_Work item_
Copy the lines below exactly, starting at the one with "酪農ヘルパーをやっている友達の案内で、 松本市奈川の清水牧場に行くツアーを開催。 参加の皆様お疲れ様でした。" and ending at the one with "Auf den Hochjoch", and leave out any picture.

(Stored data entries)
────────────────────────────────────────

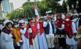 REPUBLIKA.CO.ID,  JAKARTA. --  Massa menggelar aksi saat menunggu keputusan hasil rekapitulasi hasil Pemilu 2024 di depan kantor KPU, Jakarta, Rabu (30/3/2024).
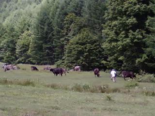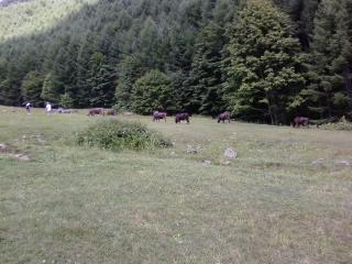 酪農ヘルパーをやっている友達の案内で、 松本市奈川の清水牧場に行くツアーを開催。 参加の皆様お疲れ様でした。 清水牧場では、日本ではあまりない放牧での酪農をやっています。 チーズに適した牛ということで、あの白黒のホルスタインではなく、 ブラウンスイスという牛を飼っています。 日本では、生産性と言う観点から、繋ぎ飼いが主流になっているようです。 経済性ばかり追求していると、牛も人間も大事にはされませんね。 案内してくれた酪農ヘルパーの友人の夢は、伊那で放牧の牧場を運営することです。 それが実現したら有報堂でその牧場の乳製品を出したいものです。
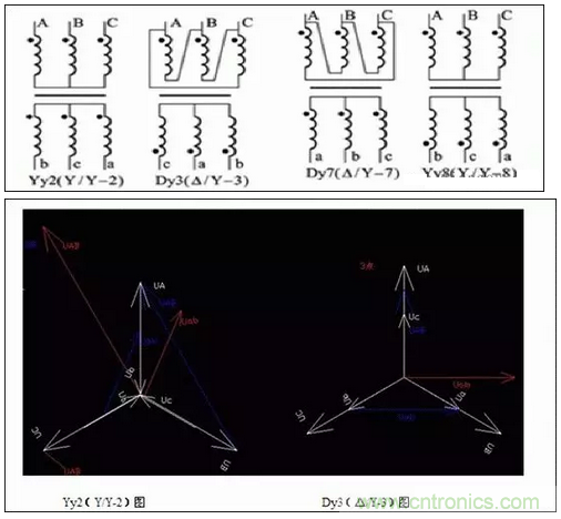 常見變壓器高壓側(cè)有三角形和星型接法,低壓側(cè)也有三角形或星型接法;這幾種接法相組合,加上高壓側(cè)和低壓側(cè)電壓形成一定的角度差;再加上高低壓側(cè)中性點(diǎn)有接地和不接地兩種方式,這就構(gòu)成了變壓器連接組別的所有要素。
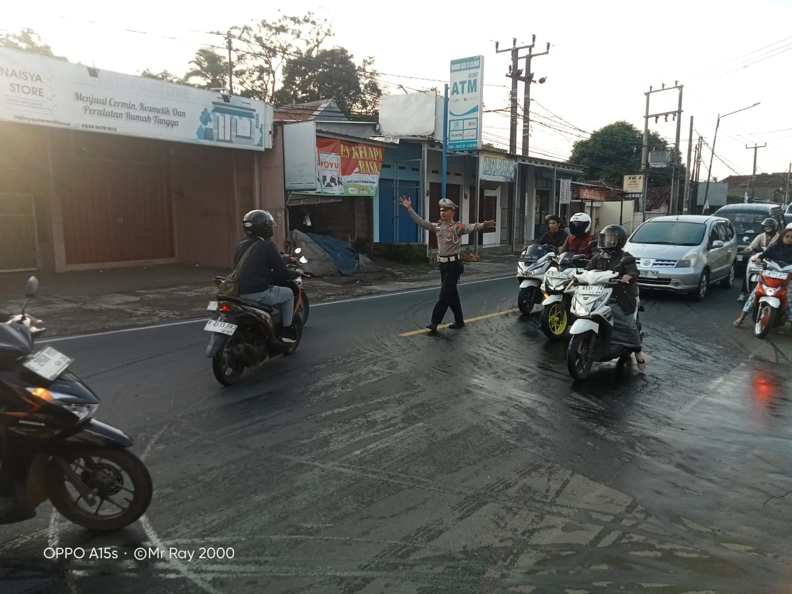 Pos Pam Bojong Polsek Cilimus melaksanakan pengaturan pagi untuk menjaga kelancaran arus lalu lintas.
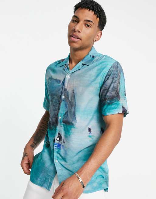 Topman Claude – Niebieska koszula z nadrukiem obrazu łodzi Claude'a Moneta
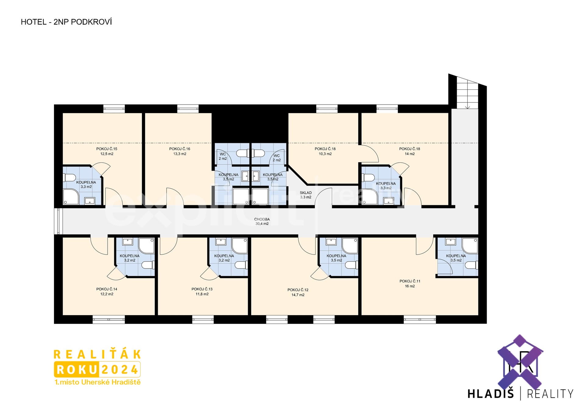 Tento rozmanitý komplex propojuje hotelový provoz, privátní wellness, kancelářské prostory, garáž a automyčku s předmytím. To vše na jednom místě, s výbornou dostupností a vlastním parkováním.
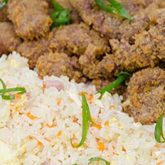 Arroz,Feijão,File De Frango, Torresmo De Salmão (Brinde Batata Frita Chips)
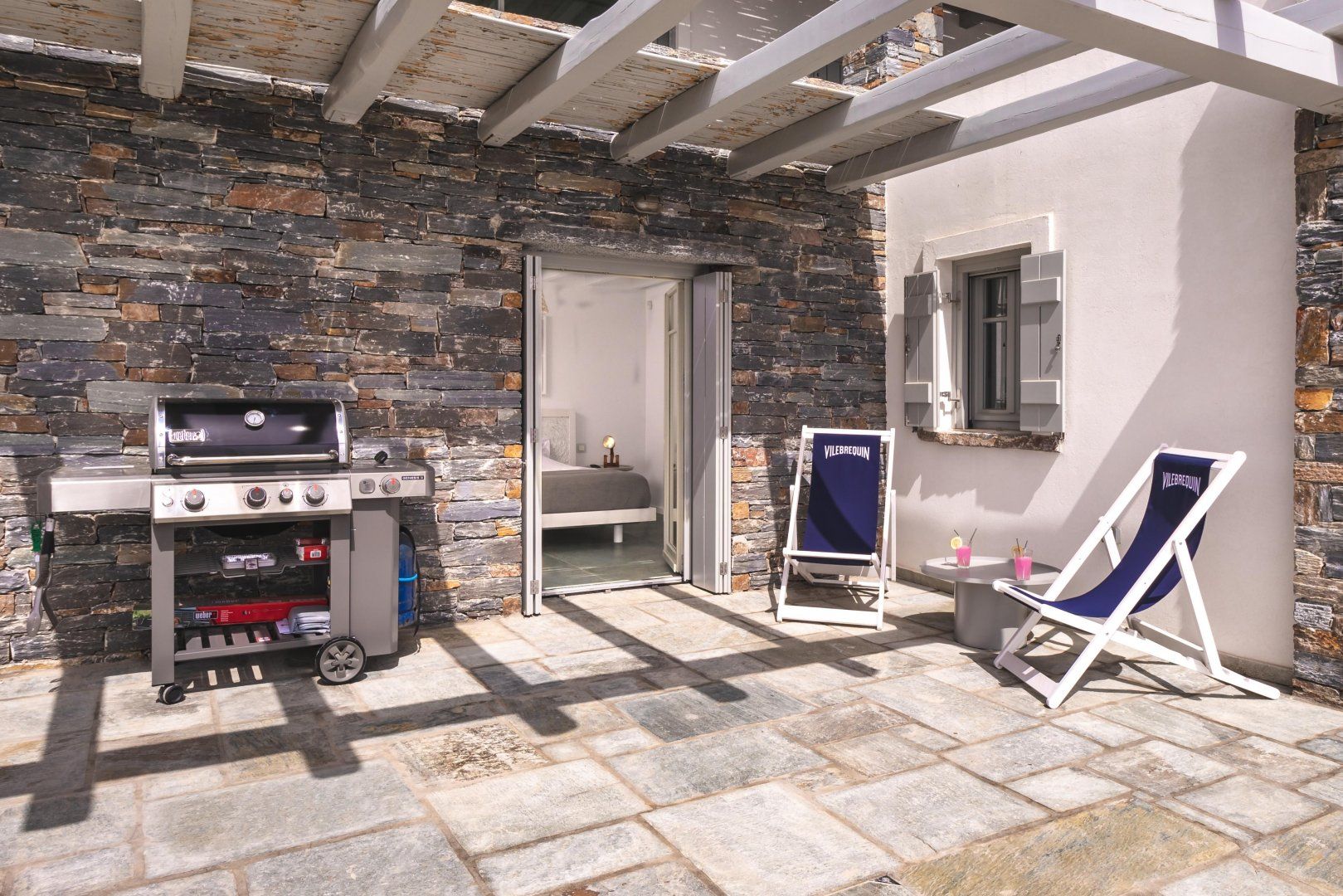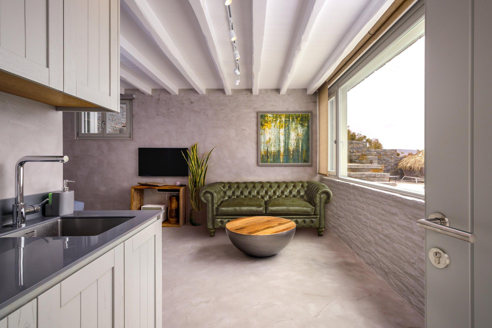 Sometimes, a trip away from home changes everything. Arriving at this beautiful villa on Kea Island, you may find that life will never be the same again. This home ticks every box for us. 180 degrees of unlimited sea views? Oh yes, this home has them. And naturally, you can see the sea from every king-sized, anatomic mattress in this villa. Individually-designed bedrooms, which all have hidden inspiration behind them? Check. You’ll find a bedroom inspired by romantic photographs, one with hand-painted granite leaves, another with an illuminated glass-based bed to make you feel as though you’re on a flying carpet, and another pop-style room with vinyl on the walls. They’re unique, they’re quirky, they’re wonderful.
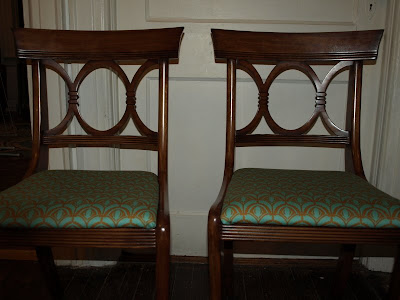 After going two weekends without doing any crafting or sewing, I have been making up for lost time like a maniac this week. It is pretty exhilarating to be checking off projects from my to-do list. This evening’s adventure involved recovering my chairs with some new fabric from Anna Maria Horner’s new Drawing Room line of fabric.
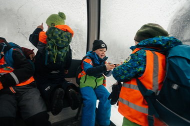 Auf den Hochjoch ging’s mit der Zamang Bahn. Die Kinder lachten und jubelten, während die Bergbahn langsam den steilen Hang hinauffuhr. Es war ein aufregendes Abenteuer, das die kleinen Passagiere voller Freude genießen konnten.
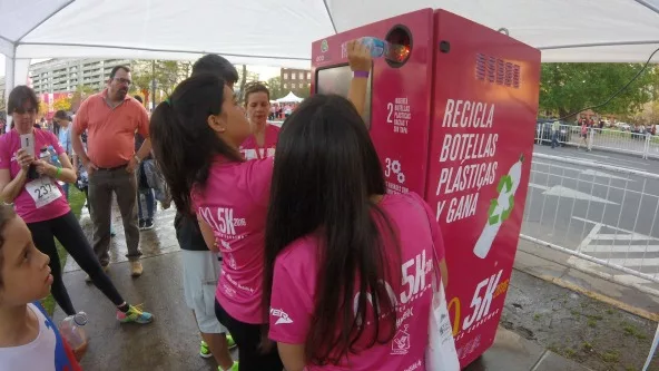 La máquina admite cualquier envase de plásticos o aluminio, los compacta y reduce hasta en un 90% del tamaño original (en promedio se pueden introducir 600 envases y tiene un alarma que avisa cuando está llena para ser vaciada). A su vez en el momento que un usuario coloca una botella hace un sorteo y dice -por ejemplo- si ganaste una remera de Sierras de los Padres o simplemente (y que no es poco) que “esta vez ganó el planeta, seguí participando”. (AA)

────────────────────────────────────────

_Answer box_
 酪農ヘルパーをやっている友達の案内で、 松本市奈川の清水牧場に行くツアーを開催。 参加の皆様お疲れ様でした。 清水牧場では、日本ではあまりない放牧での酪農をやっています。 チーズに適した牛ということで、あの白黒のホルスタインではなく、 ブラウンスイスという牛を飼っています。 日本では、生産性と言う観点から、繋ぎ飼いが主流になっているようです。 経済性ばかり追求していると、牛も人間も大事にはされませんね。 案内してくれた酪農ヘルパーの友人の夢は、伊那で放牧の牧場を運営することです。 それが実現したら有報堂でその牧場の乳製品を出したいものです。
 常見變壓器高壓側(cè)有三角形和星型接法,低壓側(cè)也有三角形或星型接法;這幾種接法相組合,加上高壓側(cè)和低壓側(cè)電壓形成一定的角度差;再加上高低壓側(cè)中性點(diǎn)有接地和不接地兩種方式,這就構(gòu)成了變壓器連接組別的所有要素。
 Pos Pam Bojong Polsek Cilimus melaksanakan pengaturan pagi untuk menjaga kelancaran arus lalu lintas.
 Topman Claude – Niebieska koszula z nadrukiem obrazu łodzi Claude'a Moneta
 Tento rozmanitý komplex propojuje hotelový provoz, privátní wellness, kancelářské prostory, garáž a automyčku s předmytím. To vše na jednom místě, s výbornou dostupností a vlastním parkováním.
 Arroz,Feijão,File De Frango, Torresmo De Salmão (Brinde Batata Frita Chips)
 Sometimes, a trip away from home changes everything. Arriving at this beautiful villa on Kea Island, you may find that life will never be the same again. This home ticks every box for us. 180 degrees of unlimited sea views? Oh yes, this home has them. And naturally, you can see the sea from every king-sized, anatomic mattress in this villa. Individually-designed bedrooms, which all have hidden inspiration behind them? Check. You’ll find a bedroom inspired by romantic photographs, one with hand-painted granite leaves, another with an illuminated glass-based bed to make you feel as though you’re on a flying carpet, and another pop-style room with vinyl on the walls. They’re unique, they’re quirky, they’re wonderful.
 After going two weekends without doing any crafting or sewing, I have been making up for lost time like a maniac this week. It is pretty exhilarating to be checking off projects from my to-do list. This evening’s adventure involved recovering my chairs with some new fabric from Anna Maria Horner’s new Drawing Room line of fabric.
 Auf den Hochjoch ging’s mit der Zamang Bahn. Die Kinder lachten und jubelten, während die Bergbahn langsam den steilen Hang hinauffuhr. Es war ein aufregendes Abenteuer, das die kleinen Passagiere voller Freude genießen konnten.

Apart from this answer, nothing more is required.